44 per cent of the Guardian’s global web traffic in April came from smartphones and tablets. The figure was revealed a couple of minutes ago by the Guardian revenue director, Tim Gentry, on the IAB’s Mobile Engage event.
Gentry also revealed that on the weekend, 55 per cent of the Guardian’s football content web browsing occurs on smartphones and tablets, and that during the last quarter, 11 per cent of the Guardian’s advertising revenues came from cross-platform solutions, all of which had mobile on the heart of them, across many sectors, including fashion, retail and mobile. He told delegates: “I think the explanation mobile is on the heart of those packages is since it is on the heart of our business.”

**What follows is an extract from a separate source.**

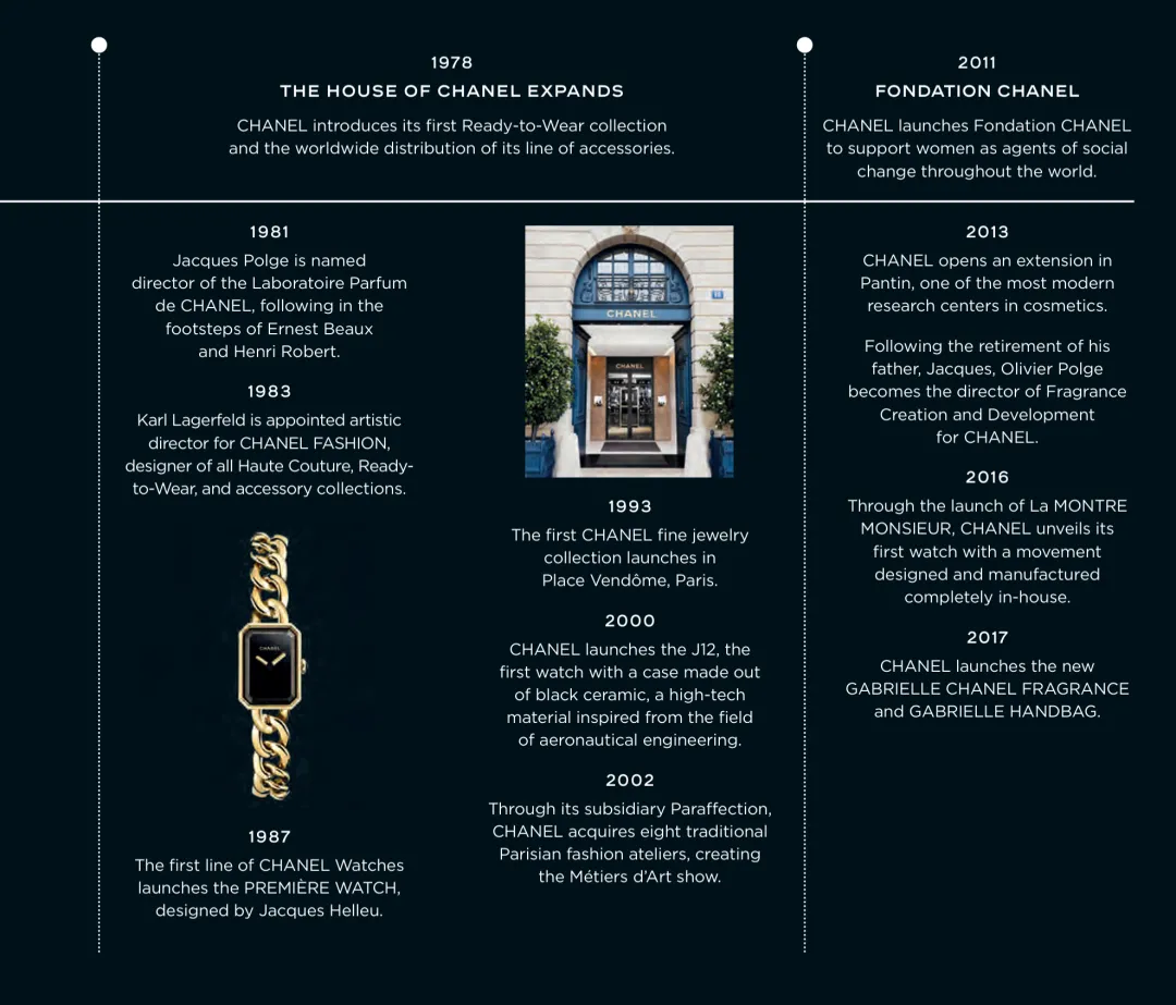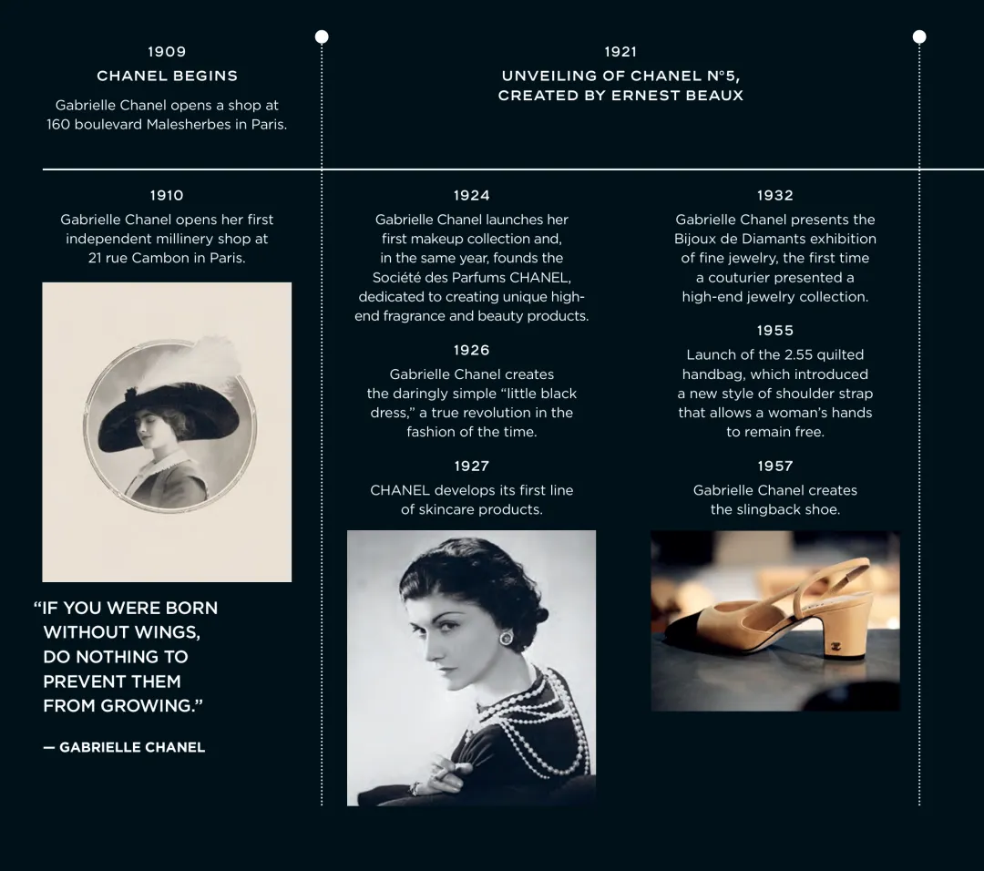 品牌创立:1910年,可可·香奈儿在康朋街21号开设了名为“Chanel Modes”的女帽店,其设计的帽子受到法国女演员的欢迎,为品牌赢得声誉。1913年,她在多维尔开设第一家服装店,推出运动风格服装,革新了女性着装观念,获得巨大成功。1918年,香奈儿在巴黎康朋街31号购买了房产,建立了自己的高级定制时装屋,这里成为了香奈儿品牌的核心地带,奠定了品牌在时尚界的地位。

Earlier, kicking off the development, IAB chairman, Richard Eyre, issued a rallying call to brands to get their mobile act together. He noted that too many brands’ websites are still not optimised for mobile, and told delegates: “We wish to fix this. Analyze your company’s website on a mobile device, and if it doesn’t work, return and shout at someone. Mobile first is not very creativity; it’s hygiene.”
Eyre then said that we’re seeing “the end of advertising as we all know it”. He explained that, with the arrival of mobile, advertising is “no longer a device for managing remote audiences firing messages from beyond enemy lines”.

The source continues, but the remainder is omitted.